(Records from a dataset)
--------------------------------------------------

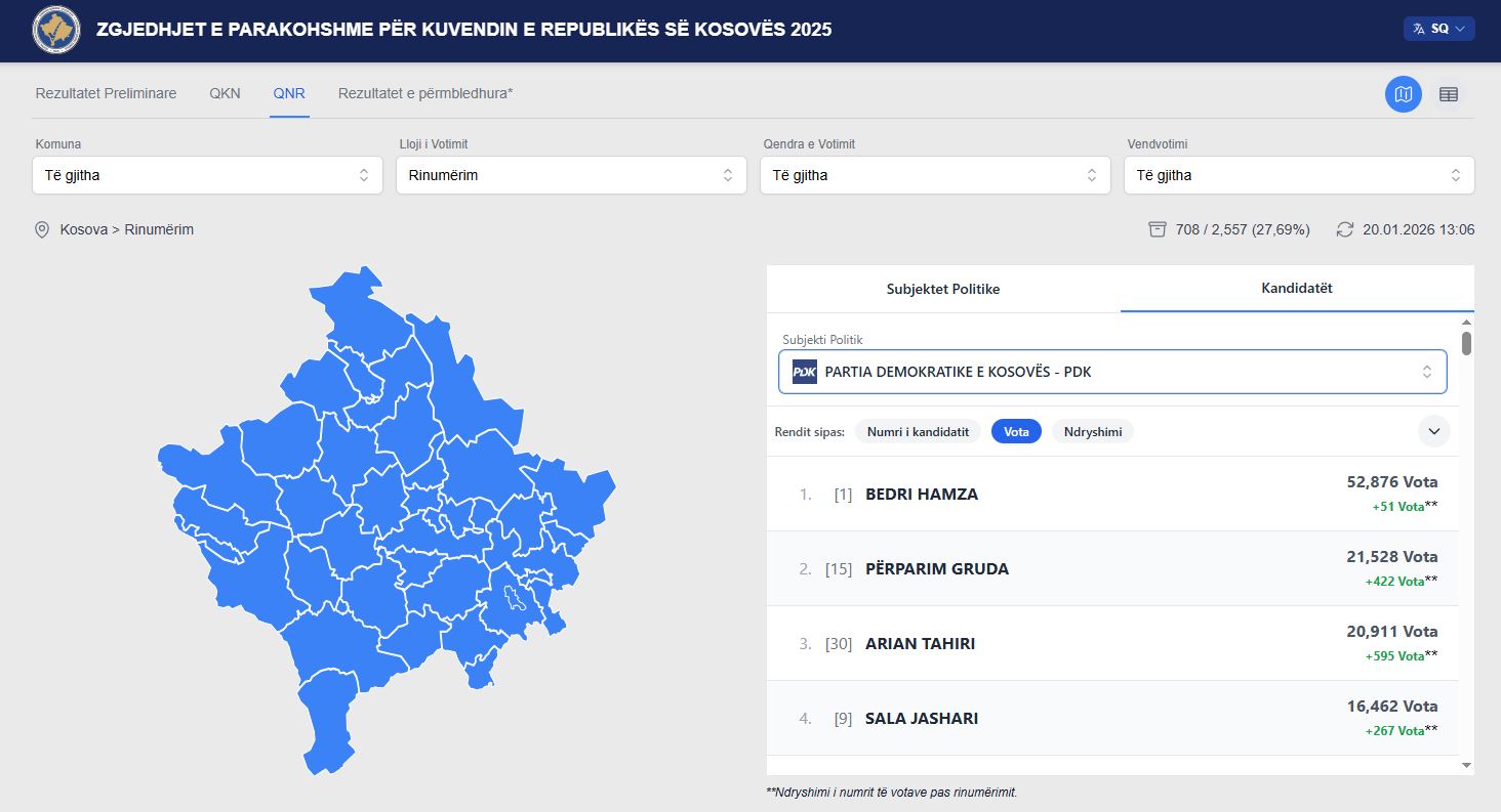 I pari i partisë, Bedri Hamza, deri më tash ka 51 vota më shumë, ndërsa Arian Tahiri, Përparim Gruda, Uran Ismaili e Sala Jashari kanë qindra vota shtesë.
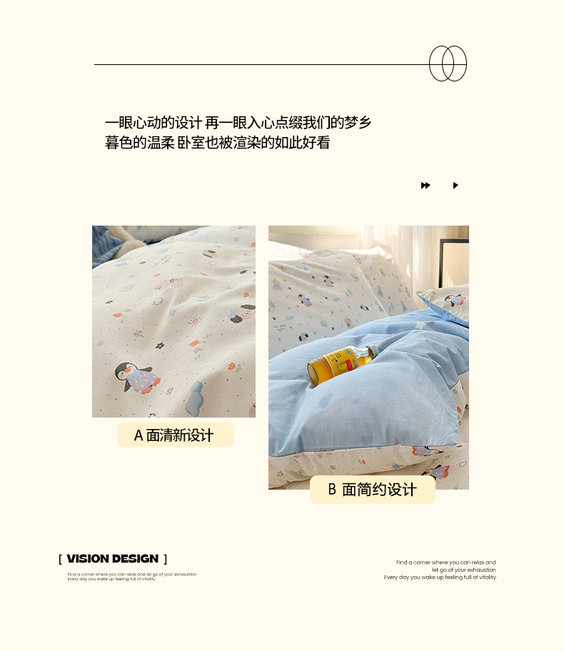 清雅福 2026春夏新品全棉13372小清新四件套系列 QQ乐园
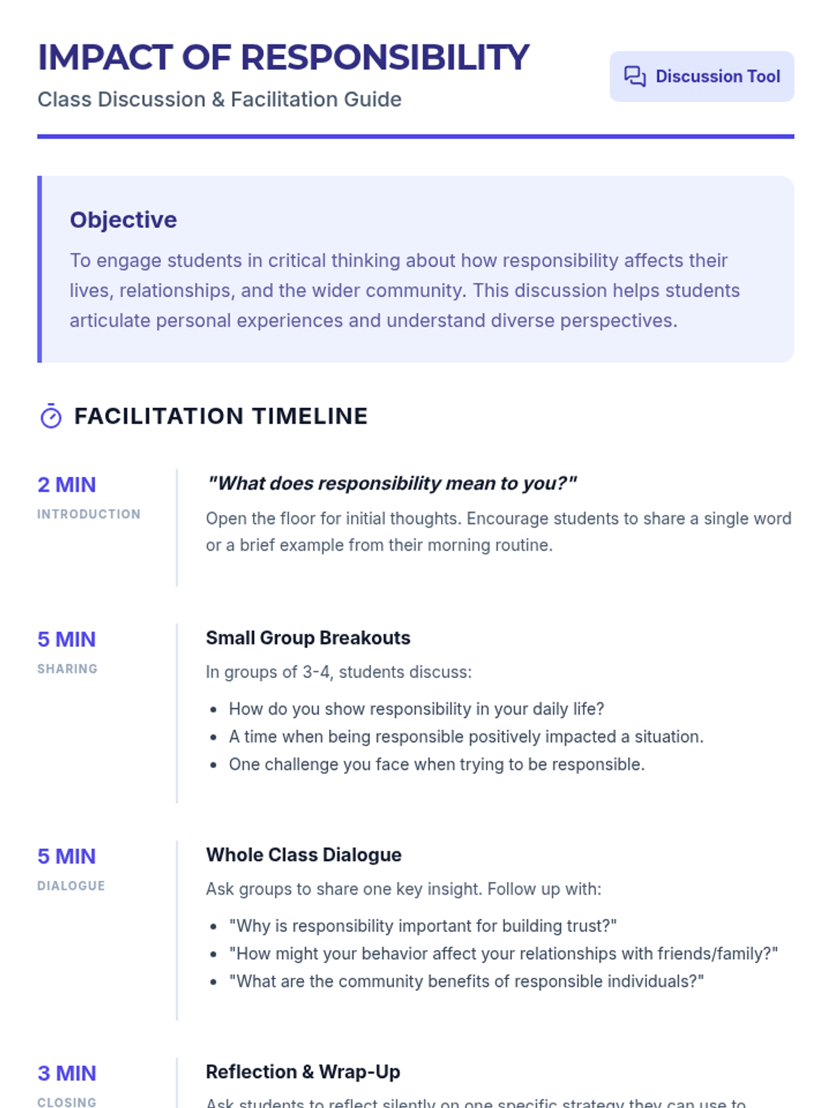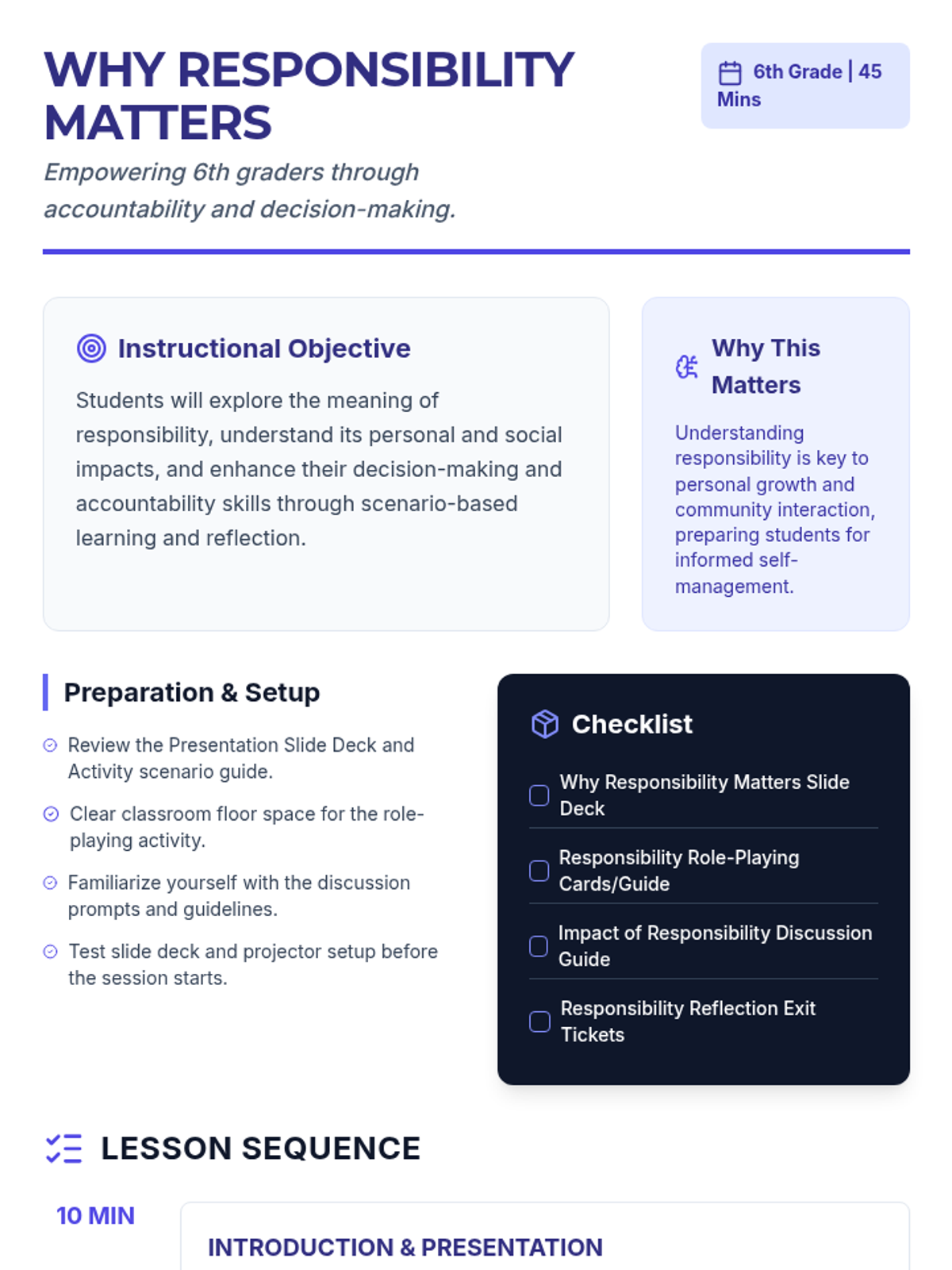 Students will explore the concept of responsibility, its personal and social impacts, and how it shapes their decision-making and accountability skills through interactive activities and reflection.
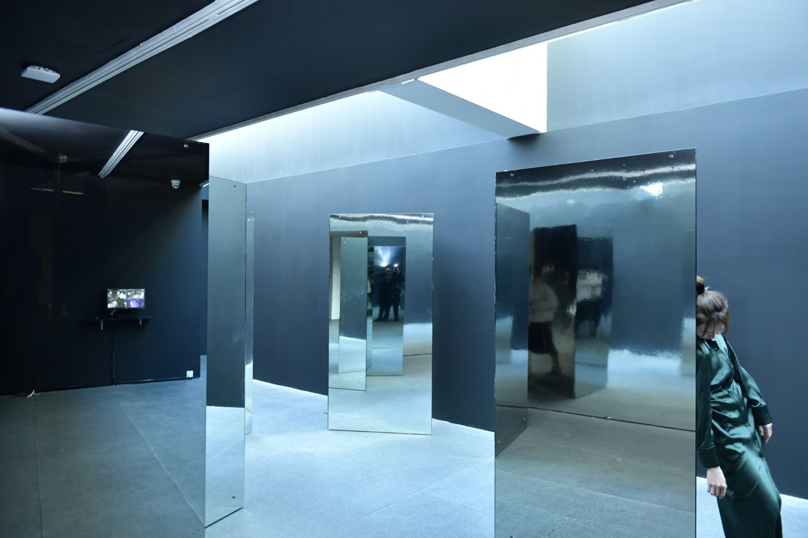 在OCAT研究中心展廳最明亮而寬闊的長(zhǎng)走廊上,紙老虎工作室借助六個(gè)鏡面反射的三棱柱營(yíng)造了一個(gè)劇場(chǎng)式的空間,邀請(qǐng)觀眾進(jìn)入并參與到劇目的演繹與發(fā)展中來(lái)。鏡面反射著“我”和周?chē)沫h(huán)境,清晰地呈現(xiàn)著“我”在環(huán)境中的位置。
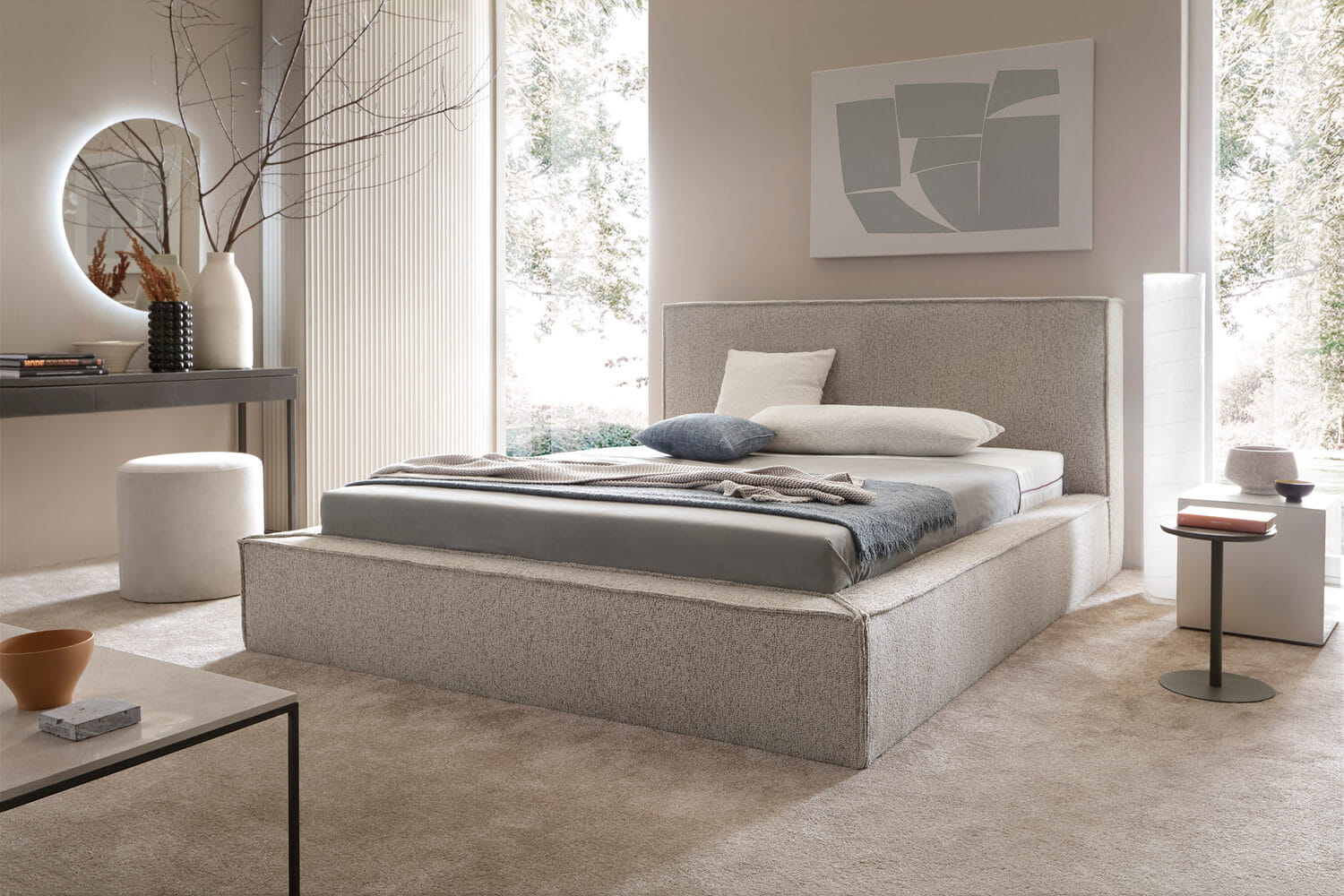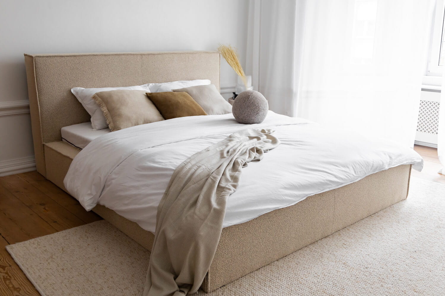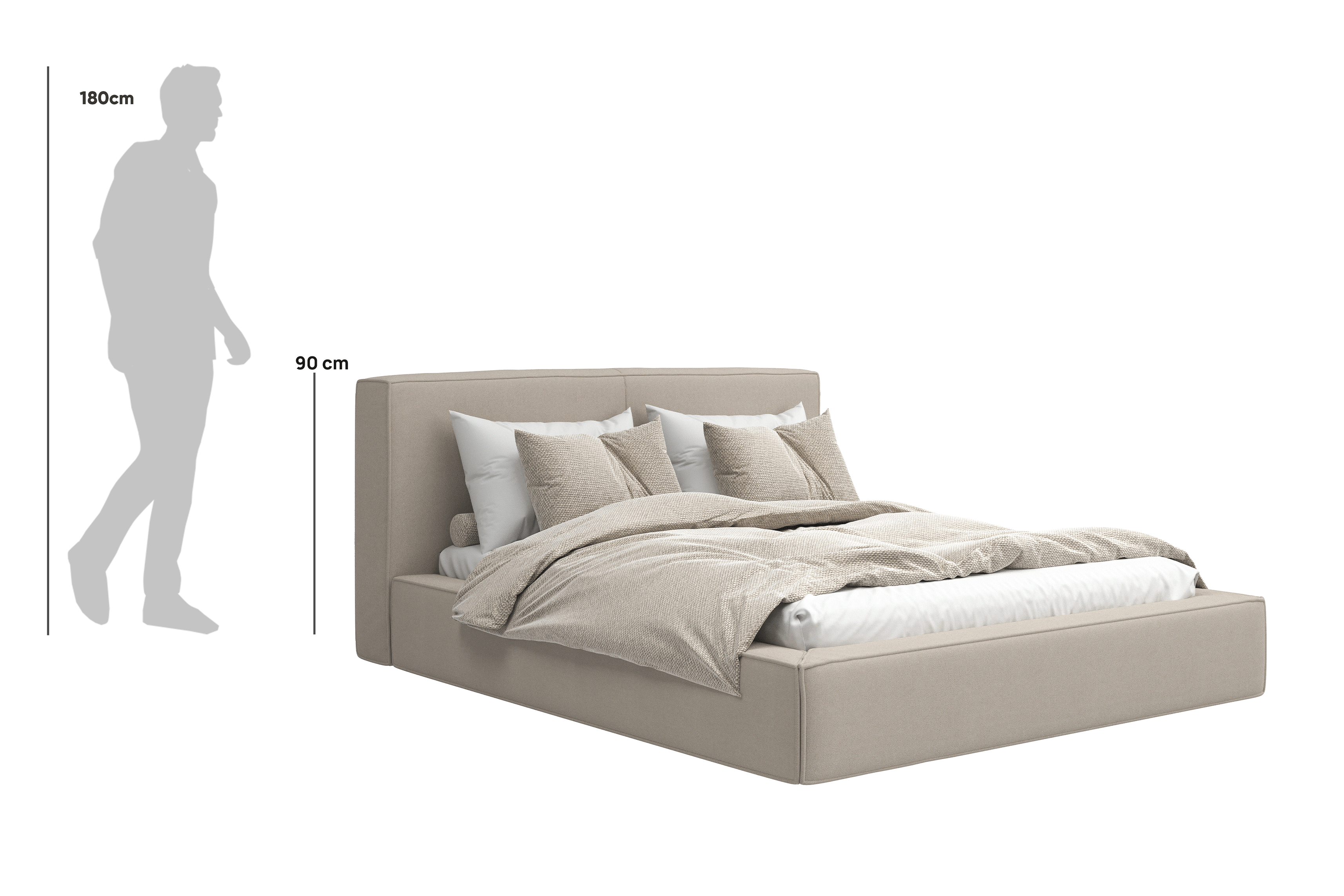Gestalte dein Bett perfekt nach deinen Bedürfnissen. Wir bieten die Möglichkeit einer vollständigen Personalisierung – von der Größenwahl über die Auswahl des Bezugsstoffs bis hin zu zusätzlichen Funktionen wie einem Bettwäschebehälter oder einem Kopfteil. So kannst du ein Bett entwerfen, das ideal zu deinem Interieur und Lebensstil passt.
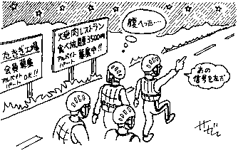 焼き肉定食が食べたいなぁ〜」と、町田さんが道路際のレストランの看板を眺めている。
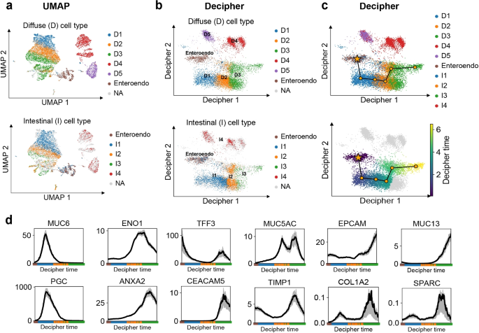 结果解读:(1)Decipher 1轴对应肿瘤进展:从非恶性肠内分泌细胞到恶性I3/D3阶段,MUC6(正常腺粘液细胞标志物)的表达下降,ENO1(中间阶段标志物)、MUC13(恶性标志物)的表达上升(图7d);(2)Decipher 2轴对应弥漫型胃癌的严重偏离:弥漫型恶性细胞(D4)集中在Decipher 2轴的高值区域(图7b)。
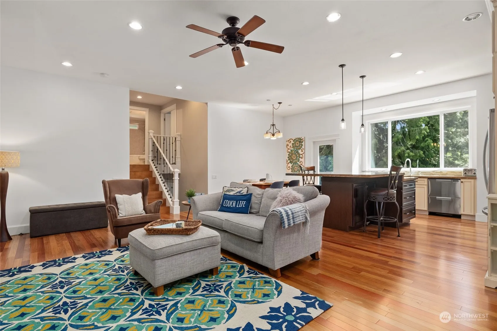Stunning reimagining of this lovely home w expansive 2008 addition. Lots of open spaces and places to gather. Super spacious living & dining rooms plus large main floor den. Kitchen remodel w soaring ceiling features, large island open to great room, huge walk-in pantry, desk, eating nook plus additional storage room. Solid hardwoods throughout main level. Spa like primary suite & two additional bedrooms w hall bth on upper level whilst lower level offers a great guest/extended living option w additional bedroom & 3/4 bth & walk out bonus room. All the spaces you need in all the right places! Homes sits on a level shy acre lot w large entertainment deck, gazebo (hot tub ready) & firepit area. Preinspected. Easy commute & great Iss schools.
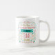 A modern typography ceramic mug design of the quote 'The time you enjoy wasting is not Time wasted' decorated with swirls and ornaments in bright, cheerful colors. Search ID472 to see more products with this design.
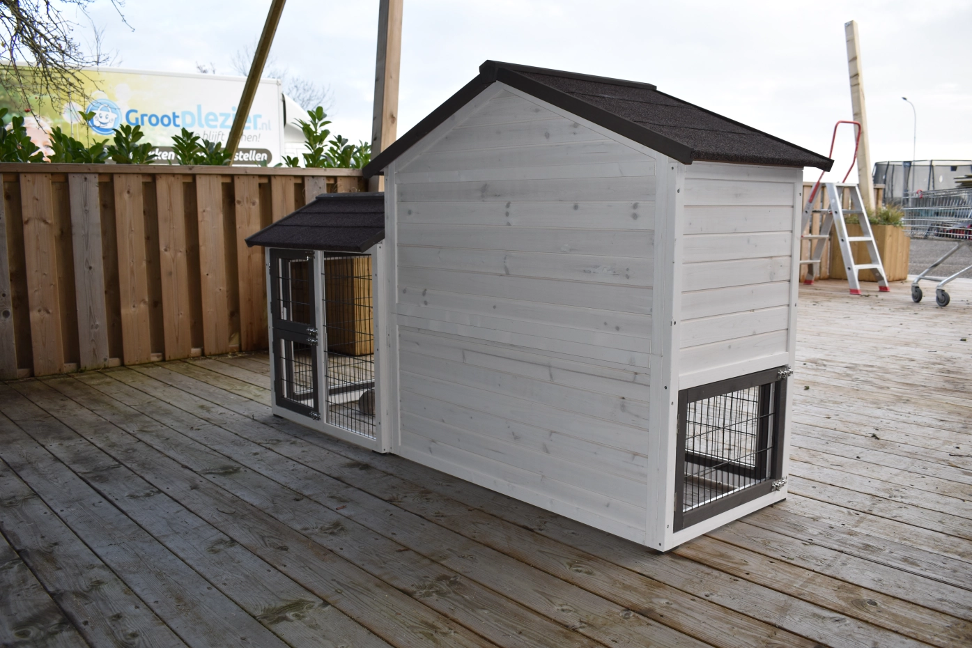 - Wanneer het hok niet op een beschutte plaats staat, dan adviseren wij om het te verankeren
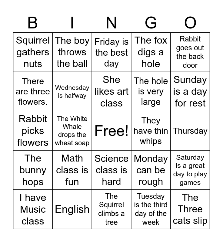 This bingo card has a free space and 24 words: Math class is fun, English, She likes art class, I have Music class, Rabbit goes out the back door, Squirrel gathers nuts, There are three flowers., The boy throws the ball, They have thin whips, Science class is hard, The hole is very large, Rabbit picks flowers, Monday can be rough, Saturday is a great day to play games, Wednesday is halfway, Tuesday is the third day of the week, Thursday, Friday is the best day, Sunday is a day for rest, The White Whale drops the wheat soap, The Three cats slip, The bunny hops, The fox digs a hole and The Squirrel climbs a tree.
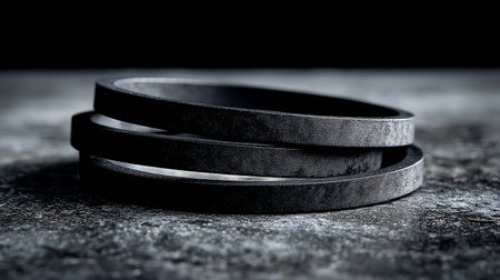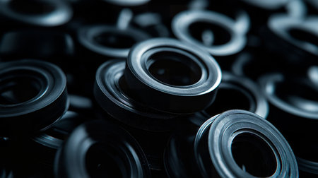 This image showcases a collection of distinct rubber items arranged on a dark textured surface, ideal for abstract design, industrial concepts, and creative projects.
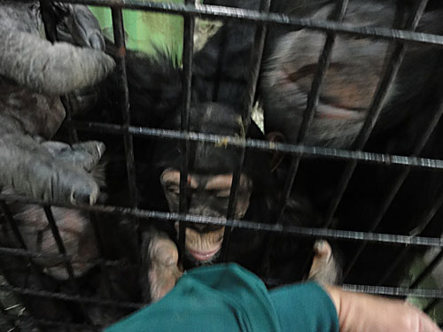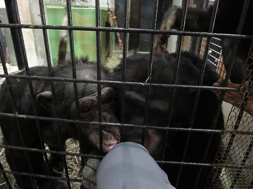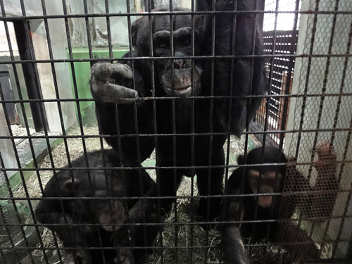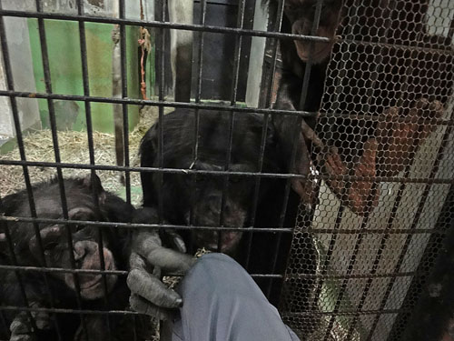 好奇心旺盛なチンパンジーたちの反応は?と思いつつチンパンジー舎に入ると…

--------------------------------------------------

Instructions for the task:
Exactly the lines from the one that contains "A modern typography" through the last line of the records should be set down, and the pictures should be dropped.

Exercise output:
 A modern typography ceramic mug design of the quote 'The time you enjoy wasting is not Time wasted' decorated with swirls and ornaments in bright, cheerful colors. Search ID472 to see more products with this design.
 - Wanneer het hok niet op een beschutte plaats staat, dan adviseren wij om het te verankeren
 This bingo card has a free space and 24 words: Math class is fun, English, She likes art class, I have Music class, Rabbit goes out the back door, Squirrel gathers nuts, There are three flowers., The boy throws the ball, They have thin whips, Science class is hard, The hole is very large, Rabbit picks flowers, Monday can be rough, Saturday is a great day to play games, Wednesday is halfway, Tuesday is the third day of the week, Thursday, Friday is the best day, Sunday is a day for rest, The White Whale drops the wheat soap, The Three cats slip, The bunny hops, The fox digs a hole and The Squirrel climbs a tree.
 This image showcases a collection of distinct rubber items arranged on a dark textured surface, ideal for abstract design, industrial concepts, and creative projects.
 好奇心旺盛なチンパンジーたちの反応は?と思いつつチンパンジー舎に入ると…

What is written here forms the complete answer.